The key is to network with intention, not just at schmoozing events but with everyone you come in contact with while going about your everyday. Always look for any reason to reach out to someone new with a purpose whether it is at work to contact a new vendor, service provider, government employee or community member, or even if it is chatting with another parent at your kid’s basketball game. It is important to have a reason to look for information or to help; this will give you the purpose to contact them.
Keep in mind; it is really only by a continued relationship that you start to build a network. Only by working with people, following through on your commitments, showing your passions and dedication and providing the give and take that is essential to all successful relationships will a new person actually become part of your network. Then you begin to capitalize on your skills and ambition plus build the reputation you need to get to where you want to go. The old adage, “It’s not what you do, it’s who you know” is not accurate. A more fitting adage is, “It’s not who you know, it’s who knows you.” This is how you start to make a difference and build up your reputation.
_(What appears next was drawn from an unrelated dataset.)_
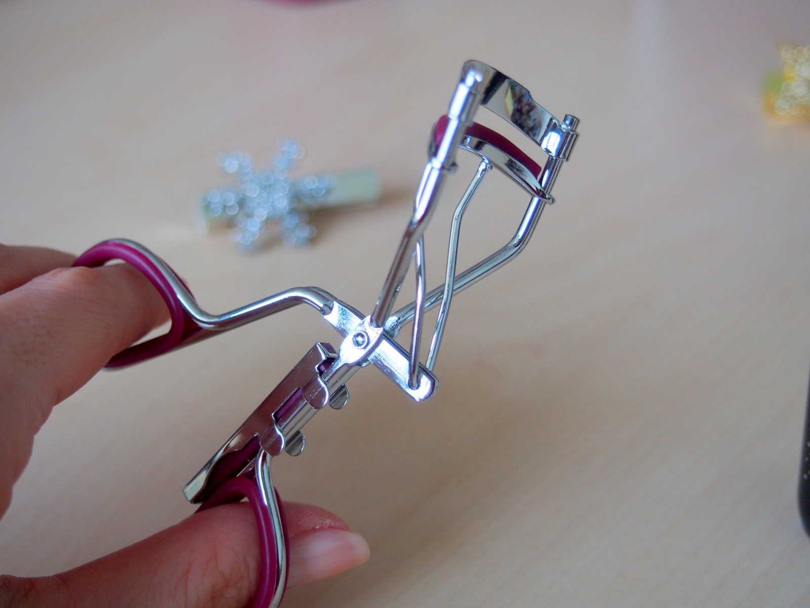 Klieštiky sú klasických rozmerov, ktoré kúpite v každej drogérii. Tieto majú naviac pogumované úchytky (alebo ako to nazvať), vďaka ktorým sa s nimi lepšie manipuluje a nekĺžu sa ak máte napríklad nakrémované ruky (čo je stále môj problém). Guma na držiatkach má ciklamenovú farbu a rovnakej farby je aj guma, ktorá je vo vrchnej časti klieštikov, ktorými sa natáčajú mihalnice. Naviac je ku klieštikom pripevnená aj jedna náhradná.Môžete ju nechať upevnenú na klieštikoch, alebo odložiť na poličku (len aby ste ju potom našli) 🙂 Guma je mäkká čo je výhoda pri natáčaní mihalníc. Stačí pár stlačení a je to. Veľmi sa mi páči farebná kombinácia. Klieštiky padnú presne do ruky a mihalnice pekne natočia.

There is no sense being ambitious and passionate at something if you are only working with and preaching to the converted. Remember, an effective way that networking can make a huge difference in looking for information or looking to help is with volunteering. I wrote an earlier article about on LinkedIn this titled: Volunteering is Your Career Marketing Plan. Check it out for more depth on this.
Networking isn’t just about the intimidating schmoozing events, it is about the conversations you have with people and the connections that you make as you are trying to look for information or to help. This is how you show individuals, ideally lots of people, your skills and ambition. This is how you build a network that will capitalize on those skills and ambition. Events are an okay place to start, but it is about the follow-up and the actual work you will do with people that makes for effective networking. So if you are looking to be less intimidated by networking, you just need to have a reason to reach out to people who are outside your existing network and find ways to learn from them or to help them. After that, your skills and ambition will take over and you will create the reputation you deserve and develop the network to match.